No other GFX versions use this specific register in the same way.

## PHASE 6: STABLE TREE ANALYSIS

### Step 6.1: Does the buggy code exist in stable?
- `gfx_v12_1.c` does **NOT exist** in v6.12, v6.13, or v6.19 (verified
  via `git show v6.X:...`)
- The file was introduced during the v7.0-rc1 cycle
- The buggy commit `a41d94a7bb962` **IS in v7.0** (verified via `git
  merge-base --is-ancestor`)
- The revert `29756a7535fac` is **NOT in v7.0** (verified)
- **Only v7.0.y stable is affected**

### Step 6.2: Backport Complications
The patch should apply cleanly — the state of
`gfx_v12_1_init_golden_registers` in v7.0 exactly matches the diff
context (verified by examining the v7.0 tree).

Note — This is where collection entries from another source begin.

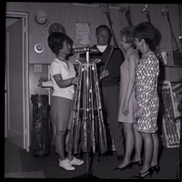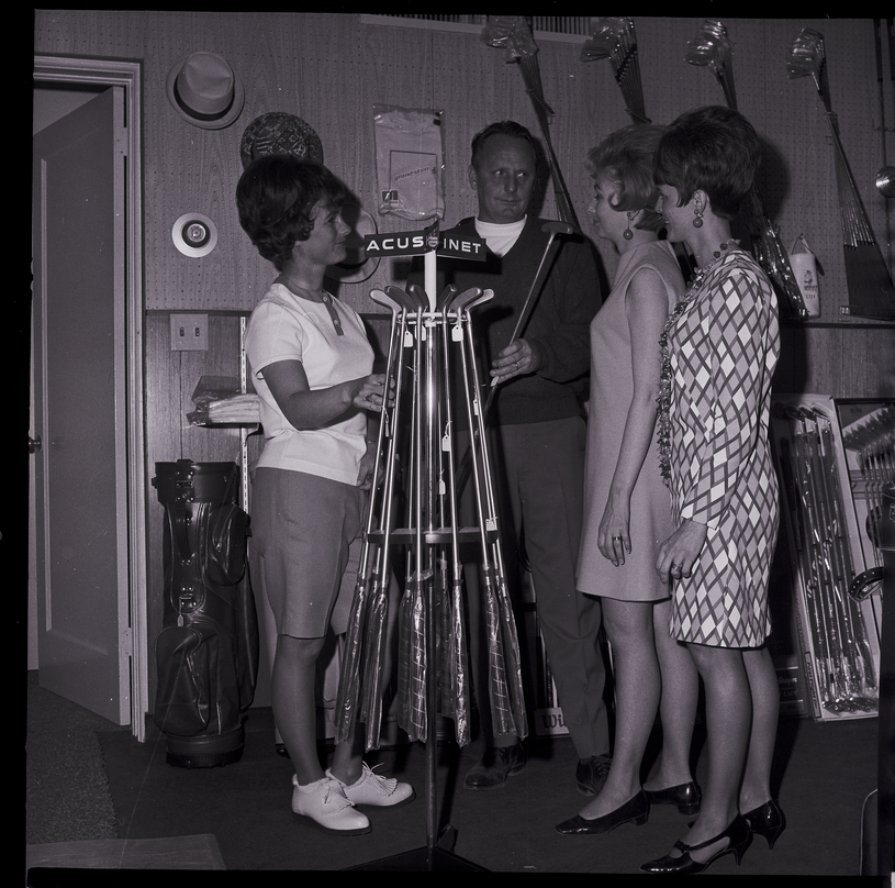 Three women visit with a man in a golf supply store, looking at a wrack of putters. The three women are busy with preparations for the Twin Falls Ladies Municipal Golf Association Fashion Show, to be held at Kay's Supper Club. The fashions will be supplied from The Paris, Roper Clothing Store, Anne's Casuals, and Clyde's Pro Shop. The woman on the right is dressed in a polo shirt and shirts, while the two women on the right are wearing dresses and heels. Several golf clubs and golfing hats hang on the back wall, and a golf club case leans against the wall.
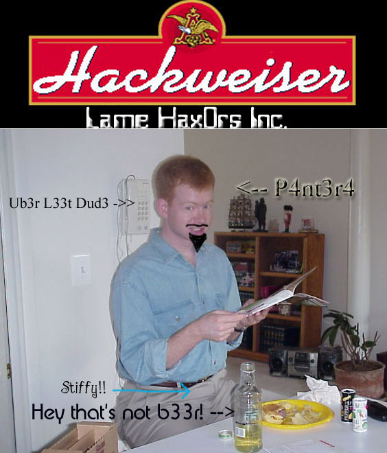 Give it up P4nt3r4, you're still the same lamer that got kicked out of Ph33r-the-b33r and you always will be. I'm glad to see you found other people that could hax0r 3r33t linux boxen since all you seemed to be able to do was run other people's msadc2.pl scripts. Anyways, as to what I think of your all out "war" on capitalism I think it's just your lame excuse for not having a life and having nothing better to do with your pathetic existence, and frankly, it's just sad. So... a big fsck /dev/hackweiser to you and your lame friends.
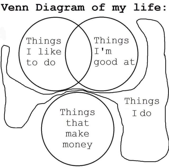 Loved the venn diagram and daily achievement meme – very relatable! When you said the day job was always hard I thought about my new little job and the sensation of paddling like crazy to keep my nose slightly above the waterline and just waiting for a wave to sneak up and submerge me. I know it’ll get easier with time – but man! I’m wondering what I’ve done to myself!
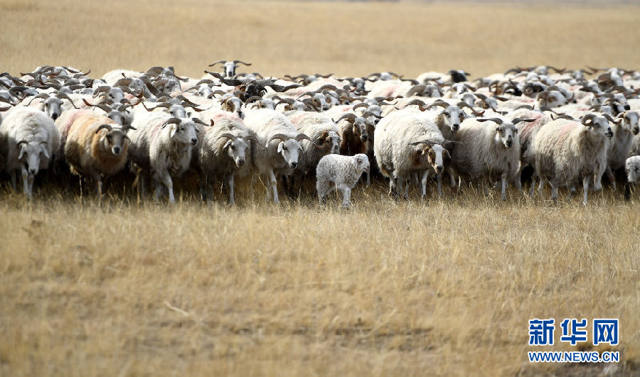初冬時節(jié),一場小雪浸潤了青海湖北岸的草原,披著薄紗的草原草色金黃,這里成為母羊產羔的大“產房”。
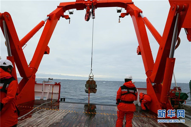 12月9日,科考隊員首次利用“雪龍2”號月池系統(tǒng)進(jìn)行CTD采水作業(yè)。 新華社記者 劉詩平 攝
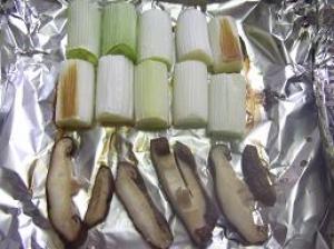 ![]() 長ネギ・椎茸はアルミホイルにのせて軽〜く塩してトースターで7〜8分焼いて焦げ目を付けます。

## PHASE 7: SUBSYSTEM AND MAINTAINER CONTEXT

### Step 7.1
- **Subsystem:** GPU driver (drm/amdgpu) — IMPORTANT for AMD GPU users
- GFX 12.1 is new AMD hardware (likely RDNA/CDNA generation)

### Step 7.2
The file has extremely active development (~30 commits since
introduction), expected for new hardware enablement.

## PHASE 8: IMPACT AND RISK ASSESSMENT

### Step 8.1: Who is affected?
All users with GFX 12.1 AMD GPUs running v7.0.y kernels.

### Step 8.2: Trigger conditions
The bug triggers on **every GPU initialization** — boot, resume, GPU
reset. It's not a rare race or edge case.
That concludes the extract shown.